Чарльз Паллисер - Квинканкс. Том 2
Что же касается до Генриетты, то я должен вернуться к рассказу о своем посещении Хафема в июне.
Глава 125
Я доехал до Саттон-Валанси на империале, а на сэкономленные таким образом деньги нанял лошадь и направился в Мелторп, движимый желанием вновь увидеть эту деревушку и старый дом, где некогда жили мы с матушкой.
Деревня, казалось, не изменилась. Красновато-желтые кирпичные стены лучших домов мягко светились в лучах летнего полуденного солнца; деревья и трава по-прежнему переливались всеми оттенками ярко-зеленого цвета, который постепенно пожухнет с приближением осени. Никто не узнал меня, хотя я увидел мистера Эдваусона, пересекающего Хай-стрит в направлении от своего дома к церкви, и решил, что он возвращается в приходскую контору после обеда. С какой стати старику обращать внимание на постороннего молодого джентльмена, проезжающего верхом через деревню?
Наш старый дом казался давно заколоченным и заброшенным; обратившись с вопросом к случайному прохожему, я узнал, что он пустует уже шесть или семь лет. Миссис Сансью, не имевшая никакой необходимости повышать нам арендную плату, не потрудилась найти новых съемщиков! Она ухватилась за удобный предлог, чтобы скрыть свой злой умысел. Я прошагал по ведущей к дому тропе и, подняв засов знакомой калитки, отважился войти в сад. Теперь он казался очень маленьким, тем более что зарос травой до такой степени, что понять, где кончается лужайка и начинаются заросли, уже не представлялось возможным.

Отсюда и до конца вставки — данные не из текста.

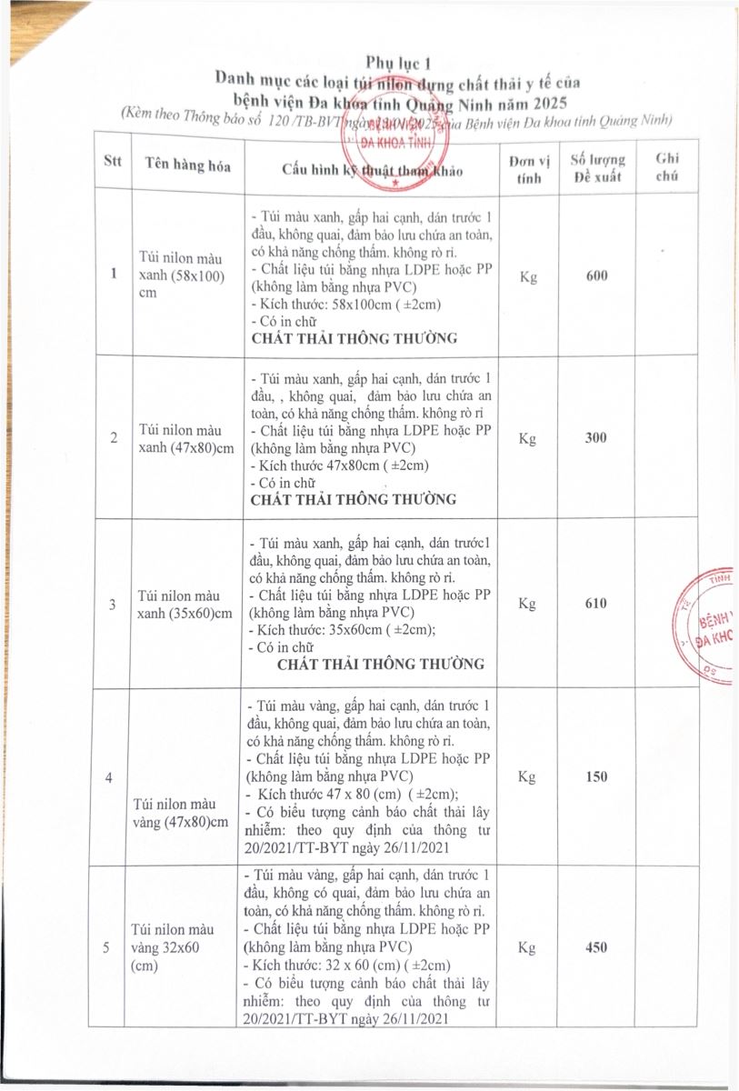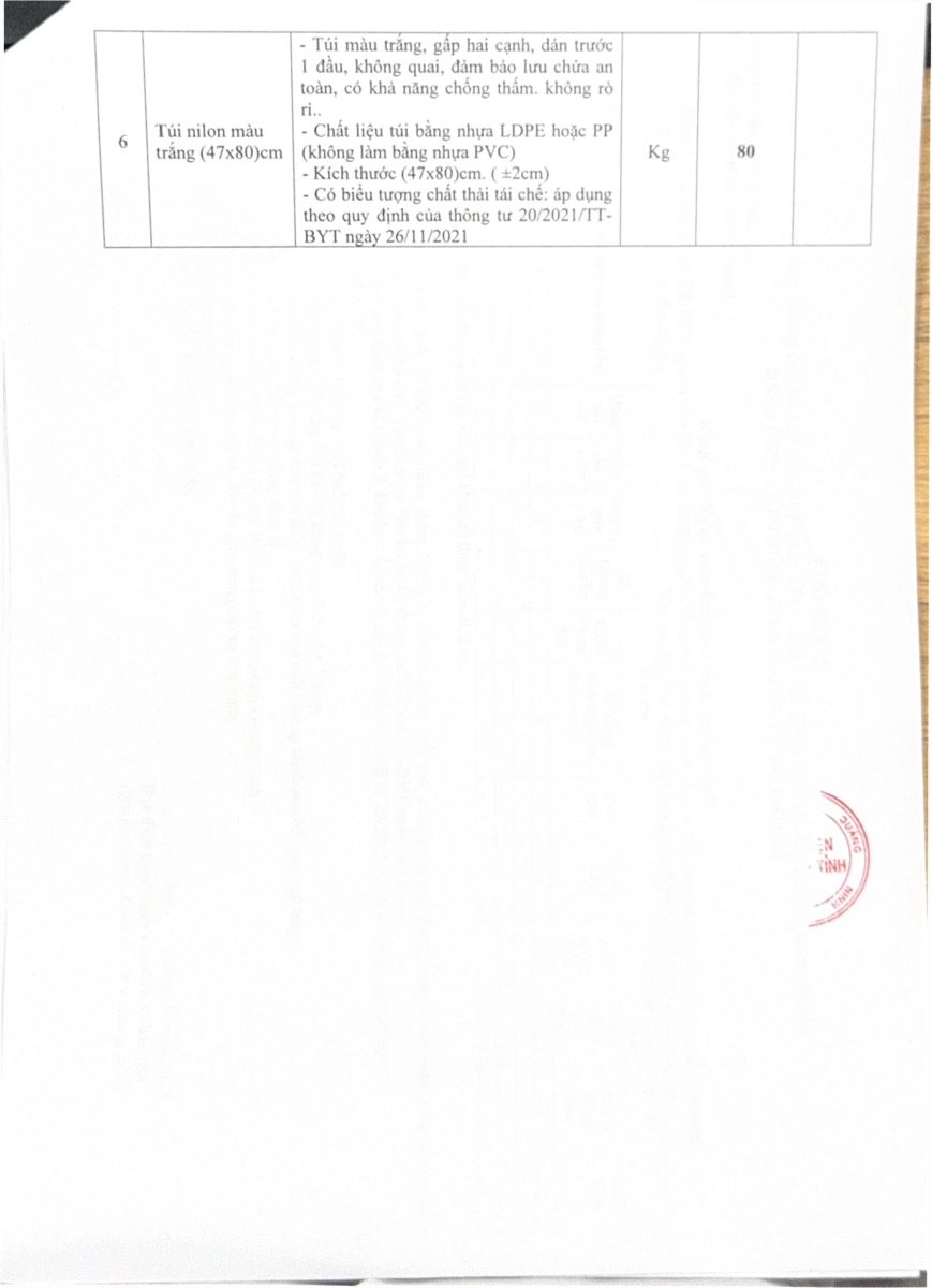 Mời báo giá cấp bách mua sắm các loại túi Nilon đựng chất thải y tế (120)
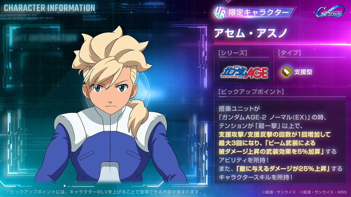 期間限定ユニットとして、UR「ガンダムAGE-2 ノーマル(EX)」 /UR 「アセム・アスノ」がピックアップガシャに登場!また、UR「ガンダムAGE-1 ノーマル(EX)」/UR「フリット・アスノ」や、URサポーター「グルーデック・エイノア&ディーヴァ」も新登場!
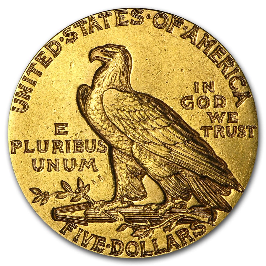 • The $5 Indian Gold Half Eagle, released in 1908, represents the final and most visually distinctive version of the U.S. Half Eagle series.

Именно здесь началась моя история! Началась в тот летний день, когда крик Биссетт заставил меня поспешить отсюда к калитке и встретиться с незнакомцем, каковая встреча стала первым звеном в длинной цепи событий. Насколько больше я знал и понимал сейчас, нежели в ту минуту, когда бросил прощальный взгляд на дом и сад перед нашим бегством в Лондон. И все же многое до сих пор оставалось загадкой. С тех пор я слышал или случайно подслушал великое множество историй — рассказы миссис Белфлауэр, мисс Квиллиам, моей матери, мистера Эскрита, мисс Лидии, — и слышал много заведомой лжи, много противоречивых утверждений и показаний, содержащих извращение фактов или умолчания.

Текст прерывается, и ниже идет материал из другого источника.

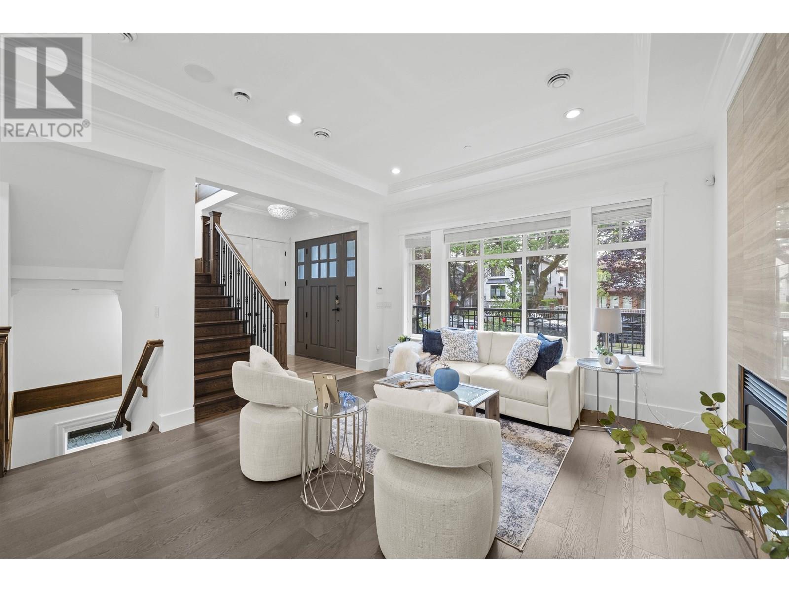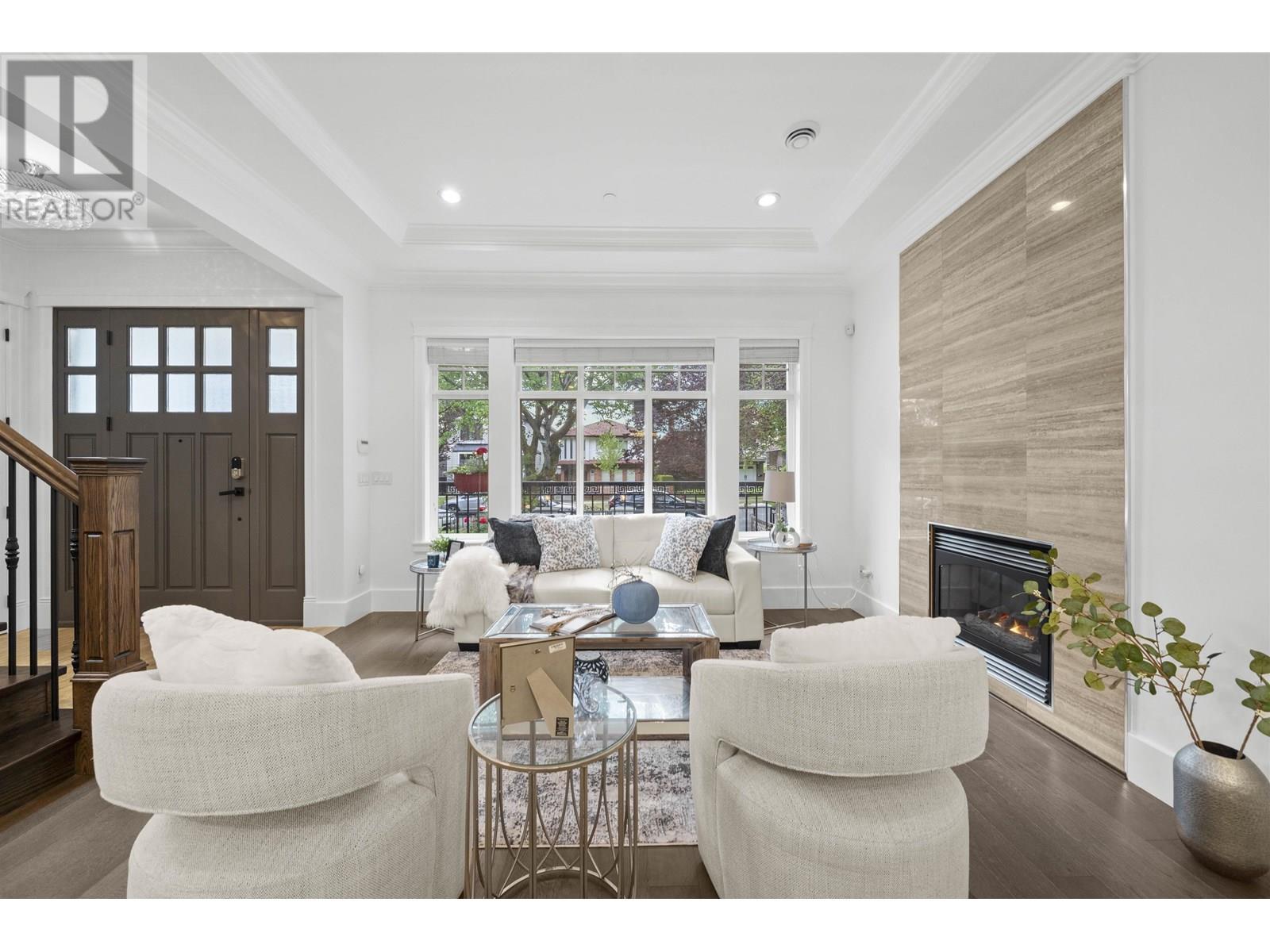Welcome to this beautifully crafted family home in the heart of sought-after Killarney! This charming and meticulously maintained residence features timeless curb appeal, a thoughtfully designed layout, and high-end finishes throughout. The spacious main floor offers an elegant living room with a cozy fireplace, oversized windows for an abundance of natural light, and a seamless flow into the formal dining area perfect for entertaining. The master bedroom features a serene primary bedroom retreat features a spa-like ensuite complete with a jacuzzi tub and a rejuvenating steam shower, your own private oasis after a long day. Enjoy easy access to Killarney Community Centre, transit, all levels of schools and a 6 minute drive to Metrotown! (id:48970) Show More

Я вспомнил о статуе, по приказу матери Мартина Фортисквинса перевезенной в этот сад из Момпессон-Парка (или вернее, Хафем-Парка, как теперь его можно и должно снова называть). Я пересек лужайку и продирался по зарослям сквозь ежевичные кусты, покуда не увидел ее. Надпись опять заросла мхом, и теперь, соскоблив весь мох, я обнаружил, что она (хотя и прежде прочитанная мной от буквы до буквы) на самом деле гласит: Et ego in Arcadia.[7] Загадочная фраза. И что означает выражение мраморного лица, подвергшегося разрушительному воздействию времени? И руки, обхватывающие фигуру сзади? Кого представляют сии сцепившиеся в схватке фигуры? Являют ли они сцену погони — Пана и Сирингу, Терея и Филомелу, Аполлона и Дафну — или же любовную сцену? Этого мне не дано узнать. Но в любом случае разве важно, что именно хотел сказать скульптор (по моему предположению, двоюродный дед человека, причиной чьей смерти я явился!) или его работодатель (мой собственный прапрадед). Глядя в пустые глаза статуи, я понял, что могу прочесть в стертых временем чертах мраморного лица все, что угодно. Когда я пытался выстроить цепи событий, они бесконечно перетекали друг в друга и расходились в разные стороны, словно рисунок плит на полу Старого Холла.
И оставалось тайной, почему изгнанная жена перенесла сюда скульптуру. Однако мне казалось, я понял это, когда подумал о скрытом шестом элементе, всегда нарушающем композиционное единство пяти. Опозоренная женщина забрала с собой скульптуру, поскольку она спасла жизнь ее тайному любовнику и, возможно, и отцу ее ребенка. И возможно, она умерла от горя, ибо он (а теперь я знал наверное, кто он) никогда не навещал ее. И тут снова, как не раз прежде, я подумал о Мартине Фортисквинсе. Столь много вопросов осталось без ответа. Он написал в свидетельстве о моем крещении «крестный отец и отец», и вся запись, и объяснения мистера Эдваусона насчет ее формулировки могли иметь особый смысл.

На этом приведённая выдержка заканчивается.